The Court of Appeals for the Seventh Circuit has issued its second decision in favor of consumers bringing claims against retailers for injuries following cyber attacks exposing sensitive consumer information in Diefenbach v. Barnes & Noble, Inc. On April 11, 2018 the court resurrected the class action brought against the book retailer by consumers whose debit card information was hacked in 2012. Specifically, the court ruled that the named plaintiffs properly alleged an injury under state consumer protection laws, including lost time, cost of credit monitoring, and inhibited access to bank accounts, did not meet the threshold pleading standards.
Judge Easterbrook, writing for the court, found Barnes & Noble’s arguments against plaintiffs’ constitutional standing ineffective and unconvincing. Supporting her ruling that the victims suffered damages and therefore had standing to initiate this action, Judge Easterbrook opined, “To say that the plaintiffs have standing is to say that they have alleged injury in fact, and if they have suffered an injury then damages are available [. . .] These injuries can justify money damages, just as they support standing.”

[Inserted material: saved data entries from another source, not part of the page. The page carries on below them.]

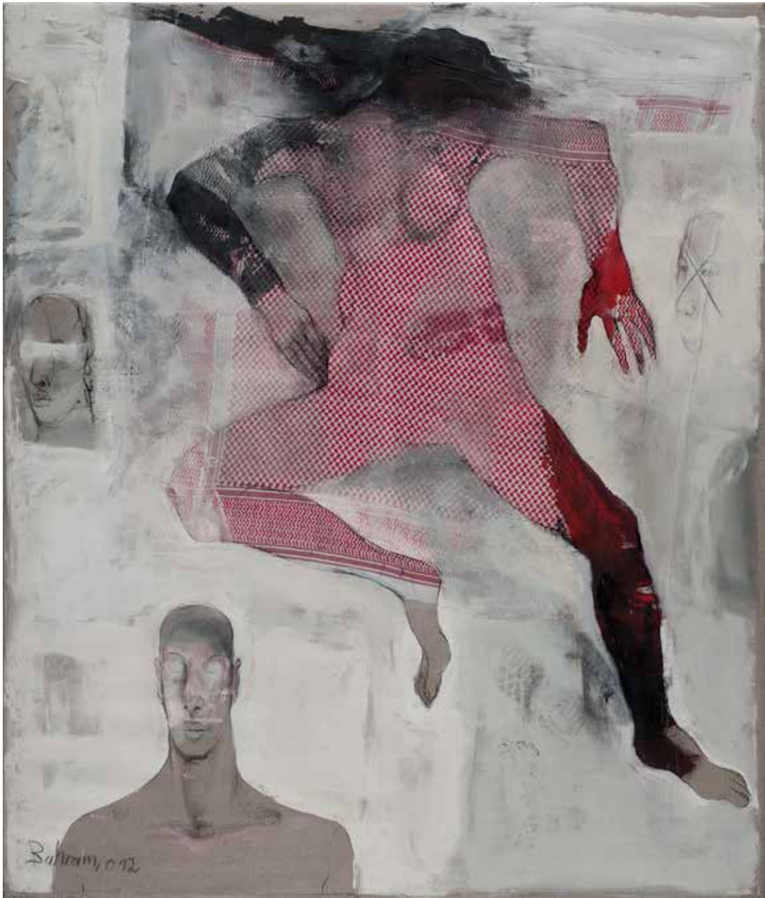
Zeugen der gegenwärtigen Gewalt | 2012 | Mixed Media/Canvas | 200 x 170 cm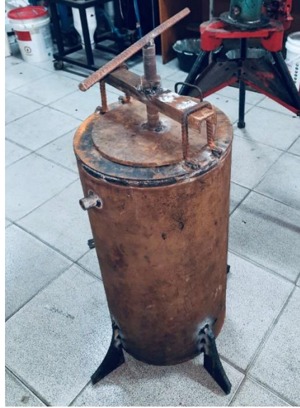
Gambar L3.1 Modifikasi Reaktor Pirolisis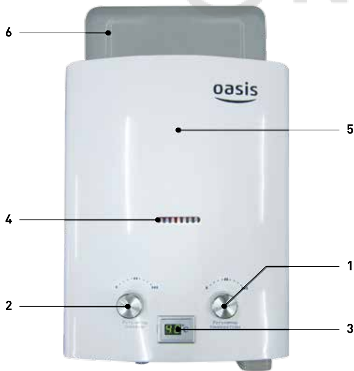
Рис. 1. Аппарат водонагревательный проточный газовый бытовой «OASIS» 1 - ручка водяного регулятора; 2 - ручка газового регулятора; 3 - цифровой индикатор температуры горячей воды; 4 - окно смотровое; 5 - облицовка; 6 - отражатель.

Составные части изделия, поясняющие принцип устройства аппарата и требующие технического обслуживания во время эксплуатации, показаны на Рис. 1.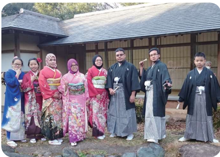
Trải nghiệm văn hóa Nhật Bản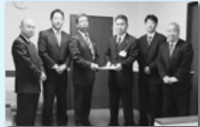
沼田市へ提出（沼田地協）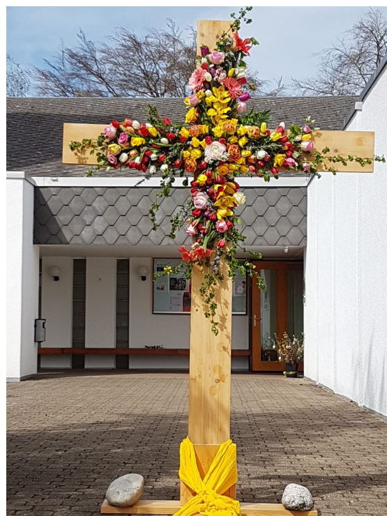
Weg zum Kinde 2011

This ruling comes three years after the Seventh Circuit’s 2015 decision in Remijas v. Neiman Marcus, where the court ruled that standing existed for consumers whose information had been stolen by hackers — the first federal appellate decision to reject arguments that data breach victims had not suffered enough injury to satisfy the standing requirements as set forth in the 2013 U.S. Supreme Court case, Clapper v. Amnesty International. Since the Remijas ruling, the Third, Sixth, Ninth and D.C. Circuits have followed suit, finding that data breach victims have standing to bring class actions.
The court rejected various rulings cited by Barnes & Noble denying standing for data breach victims, including state court decisions in Illinois and California, where laws tend not to support data breach victim standing. In particular, regarding Illinois law, Judge Easterbrook noted that credit monitoring, costing the consumer monthly, “[. . .] is real and measurable; Illinois does not require more.” The court also rejected Barnes & Noble’s argument regarding California law, finding that “losing the use of money for three days may be a trifle to some people (though to others it may be a calamity), but a trifling loss suffices under California law.”